Game system, which includes everything about the game logic that imitates tripeaks solitaire.
Player model, which emulates player behavior based on a given decision-making logic.
Simulation environment, which connects all modules to run the simulation.
I used Python for the simulation and Unity for level design. The core system is also implemented in Unity to record the gameplay videos shown throughout this article.
These initial parameters are given to run the simulation:
Level configuration: they are generated from Unity.
Number of players.
Max iteration per player: we don’t want players try to complete the game forever if they somehow stuck.
Groups, as we discussed in Group-Based Randomization section.
Shuffle groups.
Stockpile matching probability parameters, based on constrained randomization.
Hold slot use probability.
Consecutiveness (calculated only for the probabilistic card generator model): This parameter represents the probability of generating a matching card between board cards. For example, if it is 1.0, it means that each next card will have a match with an open card on the board. Its value is calculated as shown in the Consecutiveness section.
Level configurations, groups, hold slot use probability, and consecutiveness change with different experiments. The number of players, max iterations per player, shuffle groups and stockpile matching probability are the same for all simulations. Their values are 1000, 1000, True and 1, respectively. Stockpile matching probability is always set to 1 to remove its effect on the number of stockpile cards drawn per player. Groups are always shuffled for each player to ensure that different players encounter different variations of the same level as much as possible.
1. Player Algorithm
As shown in the flowchart, players are not trying to find the best path, instead, they are playing randomly, in a way that makes sense from a logical perspective. Hold slot use depends on the probability, p_hold_slot, given in the configuration.
2. Simulation Results
In this section, you will find the initial configurations, simulation results, comparisons with theoretical calculations, and gameplay records of the levels simulated.
Simulation 1: Comparison with the Probabilistic Card Generator Model
So, you may think that what’s the point of creating a structured system while we can just use a purely probabilistic method while generating the ranks. Why do we need to invest time, when it is nearly as easy as writing, “I want the matching probability of the next opened board card to be 50% with another board card”?
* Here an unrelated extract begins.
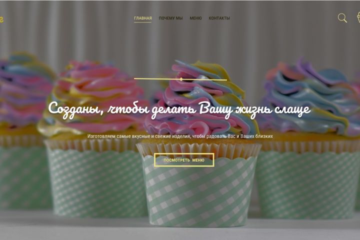 Современный дизайн одностраничного сайта для кондитерской. Сайт выполнен в стиле минимализм, дизайн дышит, цвета радуют глаз.
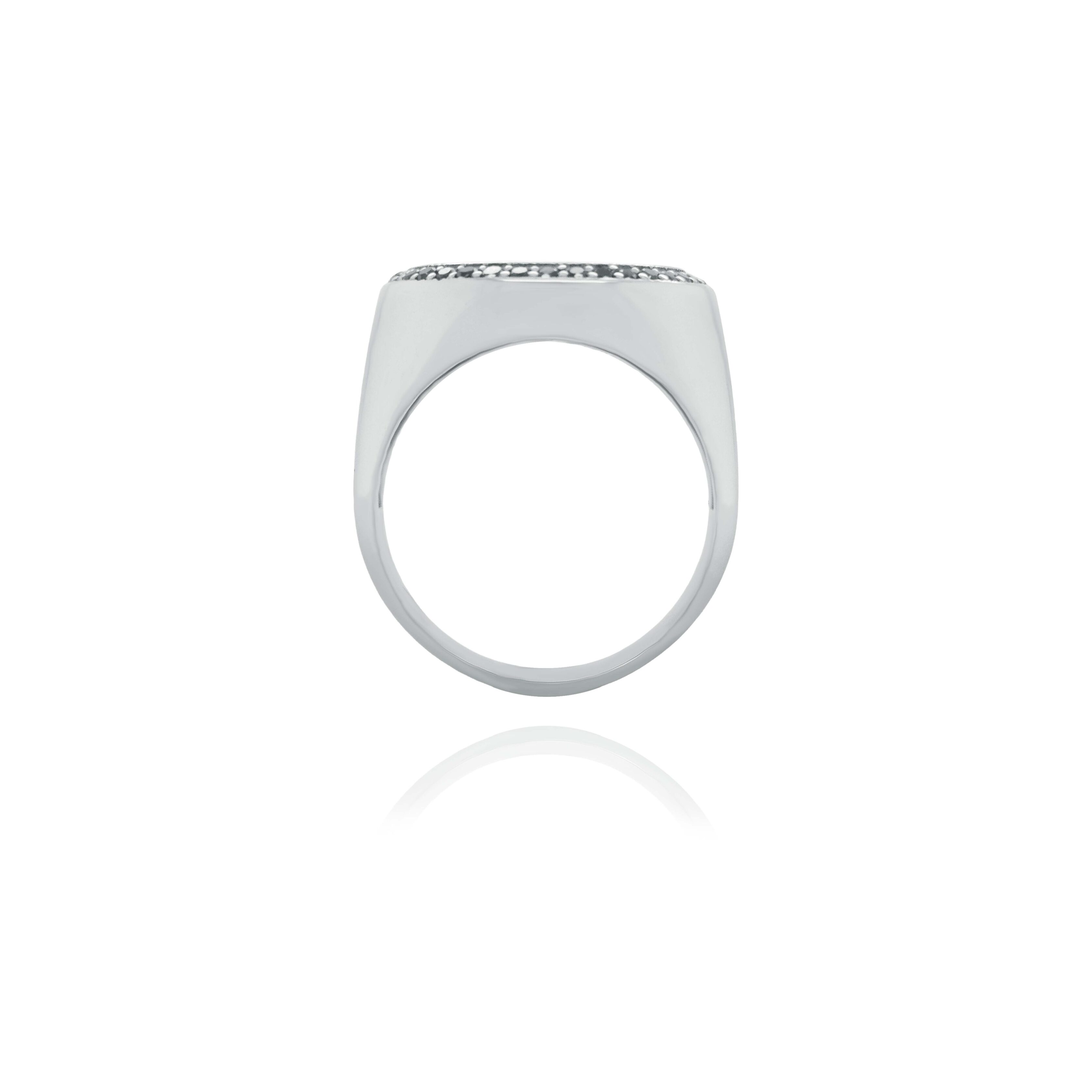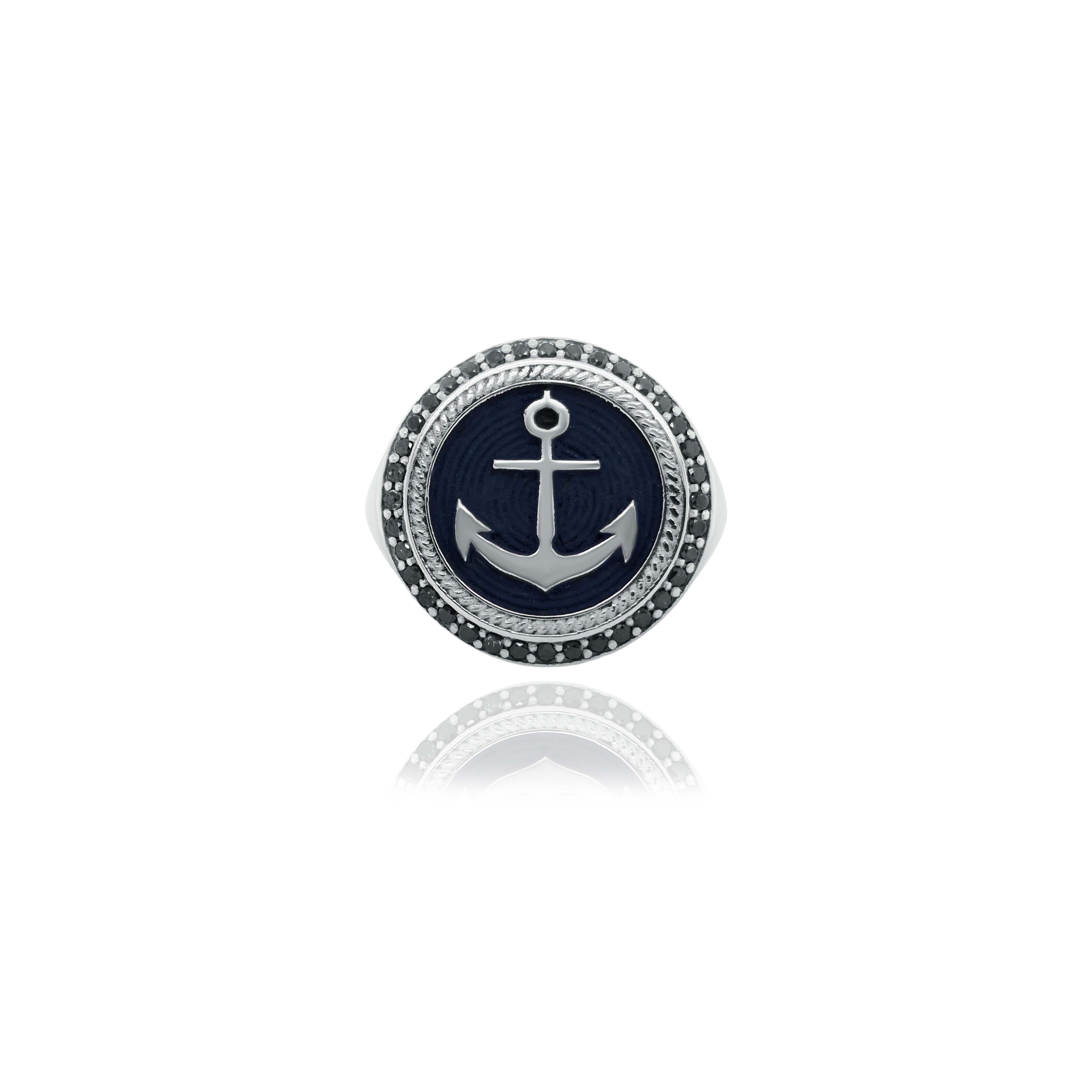 Dominantním prvkem šperku je centrální lodní kotva, detailně propracovaná do nejmenších linií. Její pevná silueta symbolizuje stabilitu, oporu a vnitřní sílu, které se promítají do celkového vyznění prstenu.

Look at the videos below. The first one is completely based on a probabilistic model:
And the one below is the structured one that we discussed:
Did you notice any difference? It's hard to tell, except that I clearly drew 2 more cards in the group-based model. This is the main reason why so many of us don’t care too much about how the model will affect the result: because, obviously, we can’t just tell by playing it ourselves, and this can end with a very unpleasant result.
Let's first look at the configurations:
Level configuration: layout is as shown in the video. 24 cards in total.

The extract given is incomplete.